Les principales préconisations du Livre blanc étaient en conséquence d'une part d'accentuer l'effort d'anticipation stratégique et d'autre part de mieux coordonner les différents moyens publics et privés, notamment par la mise en réseau des organismes et des connaissances :

Préconisations du Livre blanc sur la défense et la sécurité nationale
(Chapitre 8 « Connaître et anticiper ») :

- une coordination des efforts au sein de l'État par la mise en place d'un réseau interministériel constitué notamment du secrétariat général de la défense et de la sécurité nationale, du ministère de l'Intérieur, de l'Outre-mer et des Collectivités locales (délégation à la prospective et la stratégie), du ministère de la Défense (délégation aux affaires stratégiques), du ministère des Affaires étrangères et européennes (centre d'analyse et de prévision) et du secrétariat d'État chargé de la prospective, de l'évaluation des politiques publiques et du développement de l'économie numérique (centre d'analyse stratégique) ;

- la mise en place, à cette fin, d'un portail Internet commun permettant de présenter une vision globale des compétences des différents centres de prospective ; les thématiques de recherche et les productions intellectuelles seront ainsi mieux connues et la diffusion des appels à projet sera élargie ;

- un développement des synergies et la mise en place de passerelles (lieux d'échange, filières, mobilité...), voire de moyens mis en commun ou en réseau (cellules de veille, centres de documentation...), entre les administrations et les milieux universitaires, les centres de recherche, les instituts privés et l'industrie ;

- le soutien de la recherche intéressant la défense et la sécurité, à travers un effort financier permettant de développer et d'entretenir les compétences mobilisables par la puissance publique. En effet, les centres de recherche universitaires et les instituts de recherche pâtissent aujourd'hui de moyens très inférieurs à ceux consentis par nos principaux partenaires. Cet effort sera accru à court et moyen termes. Il devra être accompagné d'une rationalisation des commandes à l'échelon interministériel, afin de répondre en temps utile aux besoins de l'État, et d'une meilleure circulation de l'information au sein des administrations ;

- le développement des échanges internationaux, plus particulièrement européens, en prenant appui sur notre réseau diplomatique et le service européen d'action extérieure en cours de constitution. Un effort particulier sur le programme-cadre de recherche et de développement (PCRD) sera également engagé.

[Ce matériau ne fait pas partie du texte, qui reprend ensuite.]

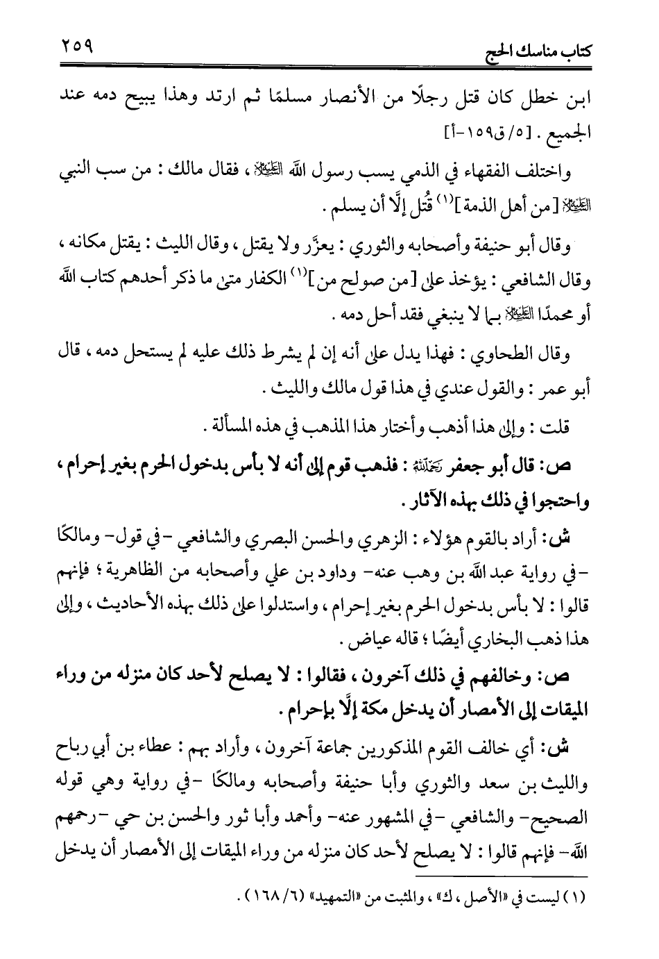 ش: أي خالف القوم المذكورين جماعة آخرون، وأراد بهم: عطاء بن أبي رباح والليث بن سعد والثوري وأبا حنيفة وأصحابه ومالكًا -في رواية وهي قوله الصحيح- والشافعي -في المشهور عنه- وأحمد وأبا ثور والحسن بن حي -رحمهم الله- فإنهم قالوا: لا يصلح لأحد كان منزله من وراء الميقات إلى الأمصار أن يدخل

La « mise en réseau » posée par le Livre blanc peut potentiellement rassembler l'ensemble de la nébuleuse des structures administratives et organismes exerçant une fonction d'anticipation au sein des ministères ou de centres de recherche extérieurs.

Le bilan précis des actions engagées figure ci-après au Chapitre III du présent rapport. On peut toutefois constater d'emblée qu'aucune des cinq priorités définies dans l'encadré ci-après n'a fait l'objet d'une totale mise en oeuvre qui puisse faire dire aujourd'hui que le but fixé en 2008 est parfaitement atteint.